黒い幻影





 彼は人と過ごした。和気あいあいと。この一時がまだしばらくは続いたらいいのになと思った。それほど充実していたし、目の前のこの人を信頼していたのだった。しかし時間は流れるし、夜は来るし、明日は来る。共に過ごした人と別れた彼は、帰路についた。さわやかな気持ちだった。一人でいるのに、会話していた時のまま何かしら自然と表情が浮かんでいやしないかと、少し気になった。彼は回想した。会話の内容、自分の発した言葉、相手の表情、目線のやり場、何気ない瞬間の視界……するとなぜか、だんだんと心がもやもやしてくるのだった。何か後ろめたいようなことをした訳ではない。何の問題もなかった。

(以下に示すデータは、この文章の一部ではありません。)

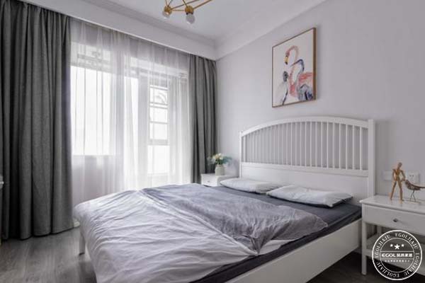 臥室陽臺、床、裝飾畫、插花,北歐風灰白加上局部粉色,真個空間充滿氣質的暖。臥室刷了淡淡的乳白色,和頂部對比可見層次感。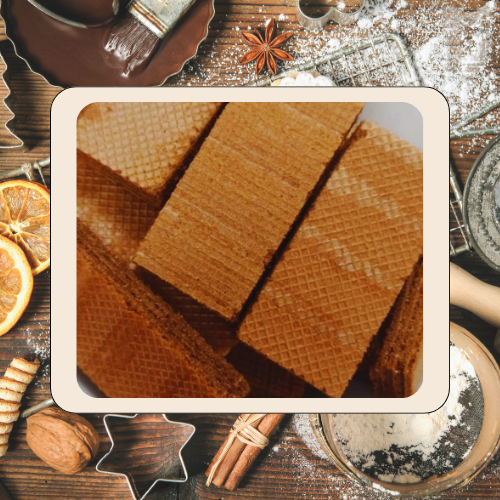 Cylindrical wafers with a crispy texture, often speckled with chocolate. Popular as snacks or dessert accompaniments and are often enjoyed with coffee, tea, or ice cream

 もやもやした感じは次第に大きくなり、無視できないものになっていく。いくらか経ったある日、彼は座っていた。その時だった。もやもやした感じはたちまち形をなしていき、黒いようなあの人になった。それは恐ろしいのだった。またきた、こいつが…。分かっている。こいつはあの人ではないんだ。だってあの人はあの人であって、おれにとってはあの日のあの人が、最もあの人なんだから。でもなぜか、こいつの表情、こいつの持つ雰囲気、こいつの印象…にはやけに説得力というか、迫るものがあるんだ。
「不気味なことだ。この幻影が、なぜかおれと非常によく似ているということは」
 さらに日が経っていくにつれて、それに抱く不安や不信は、ほとんど憎しみのようなものに変わってゆくのだった。

 彼は、その人とまた会うのだが、こわばってしまうような気がして、恐れた。会った。過ごした。この一時がまだしばらくは続いたらいいのになと思った。それほど充実していたし、目の前のこの人を信頼していたのだった。しかし時間は流れるし、夜は来るし、明日は来る。共に過ごした人と別れた彼は、帰路についた。